**SOURCE MATERIAL**
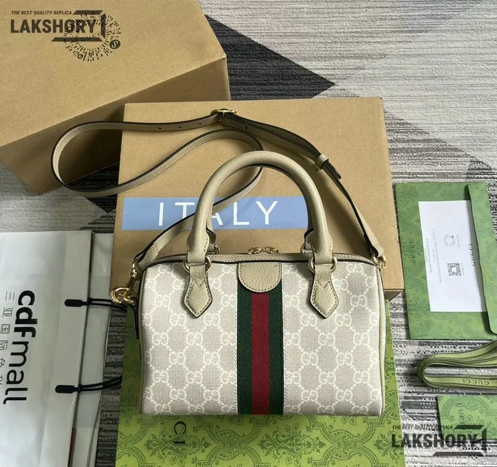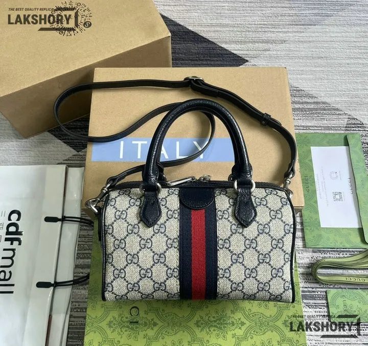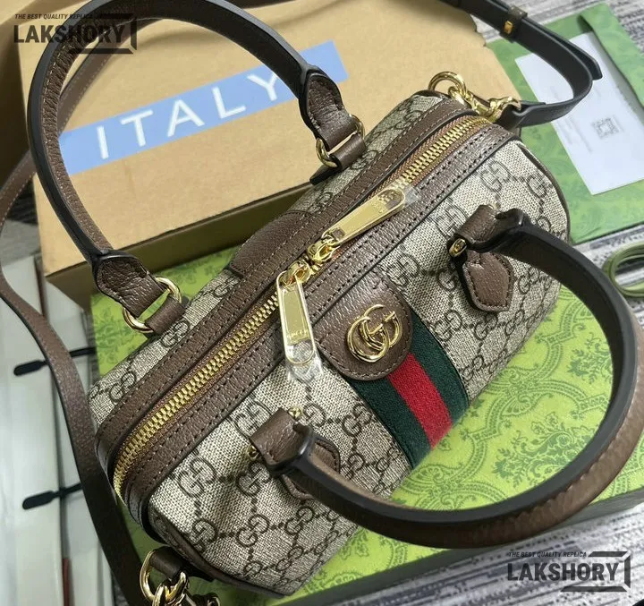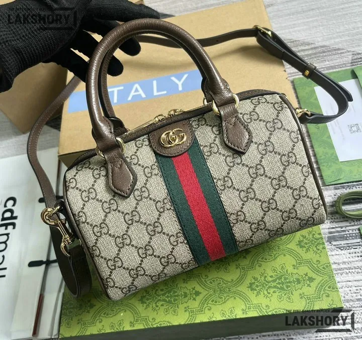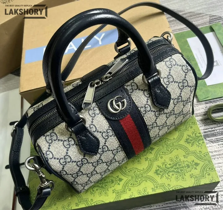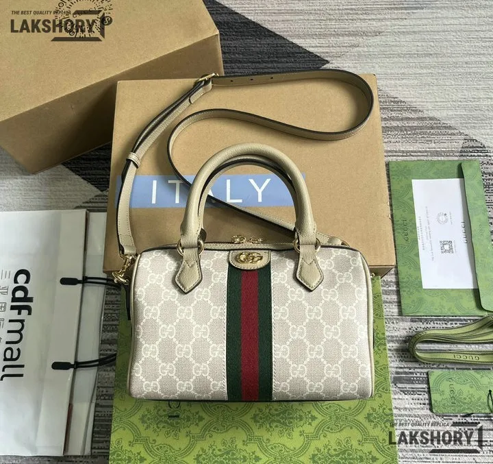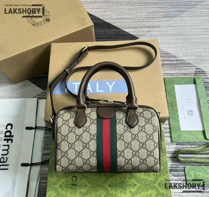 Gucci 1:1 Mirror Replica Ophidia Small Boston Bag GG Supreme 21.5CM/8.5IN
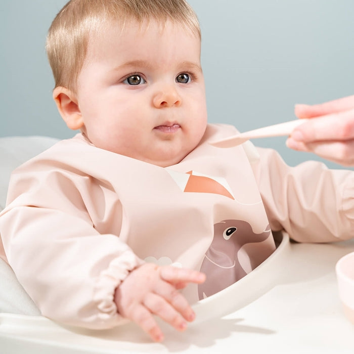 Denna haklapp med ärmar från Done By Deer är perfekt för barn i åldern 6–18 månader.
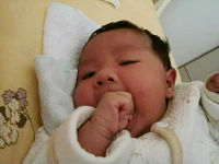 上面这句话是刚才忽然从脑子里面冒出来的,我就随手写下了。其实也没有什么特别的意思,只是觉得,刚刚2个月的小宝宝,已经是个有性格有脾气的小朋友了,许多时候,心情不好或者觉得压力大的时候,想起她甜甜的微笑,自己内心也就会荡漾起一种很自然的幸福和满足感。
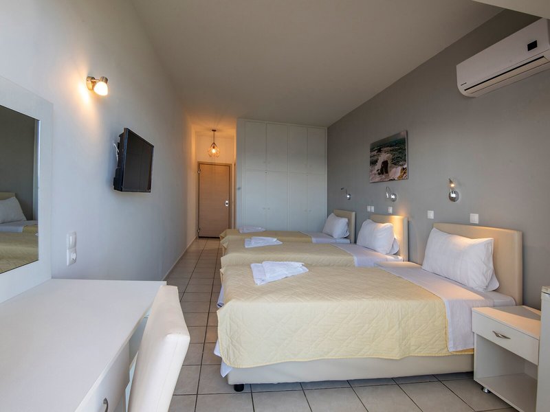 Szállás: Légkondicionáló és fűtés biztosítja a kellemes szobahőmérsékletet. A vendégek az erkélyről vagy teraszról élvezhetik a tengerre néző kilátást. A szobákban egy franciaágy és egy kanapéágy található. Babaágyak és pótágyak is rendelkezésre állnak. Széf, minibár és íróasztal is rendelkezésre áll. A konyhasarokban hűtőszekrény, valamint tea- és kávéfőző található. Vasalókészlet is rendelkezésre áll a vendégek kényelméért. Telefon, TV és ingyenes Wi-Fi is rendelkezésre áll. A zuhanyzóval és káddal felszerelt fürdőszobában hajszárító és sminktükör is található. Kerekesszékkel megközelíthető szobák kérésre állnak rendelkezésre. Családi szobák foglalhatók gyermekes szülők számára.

**INSTRUCTIONS TO FOLLOW**
The whole listing is to be written out exactly; the pictures stay out of the copy.

**ANSWER FOR THE TASK**
 Gucci 1:1 Mirror Replica Ophidia Small Boston Bag GG Supreme 21.5CM/8.5IN
 Denna haklapp med ärmar från Done By Deer är perfekt för barn i åldern 6–18 månader.
 上面这句话是刚才忽然从脑子里面冒出来的,我就随手写下了。其实也没有什么特别的意思,只是觉得,刚刚2个月的小宝宝,已经是个有性格有脾气的小朋友了,许多时候,心情不好或者觉得压力大的时候,想起她甜甜的微笑,自己内心也就会荡漾起一种很自然的幸福和满足感。
 Szállás: Légkondicionáló és fűtés biztosítja a kellemes szobahőmérsékletet. A vendégek az erkélyről vagy teraszról élvezhetik a tengerre néző kilátást. A szobákban egy franciaágy és egy kanapéágy található. Babaágyak és pótágyak is rendelkezésre állnak. Széf, minibár és íróasztal is rendelkezésre áll. A konyhasarokban hűtőszekrény, valamint tea- és kávéfőző található. Vasalókészlet is rendelkezésre áll a vendégek kényelméért. Telefon, TV és ingyenes Wi-Fi is rendelkezésre áll. A zuhanyzóval és káddal felszerelt fürdőszobában hajszárító és sminktükör is található. Kerekesszékkel megközelíthető szobák kérésre állnak rendelkezésre. Családi szobák foglalhatók gyermekes szülők számára.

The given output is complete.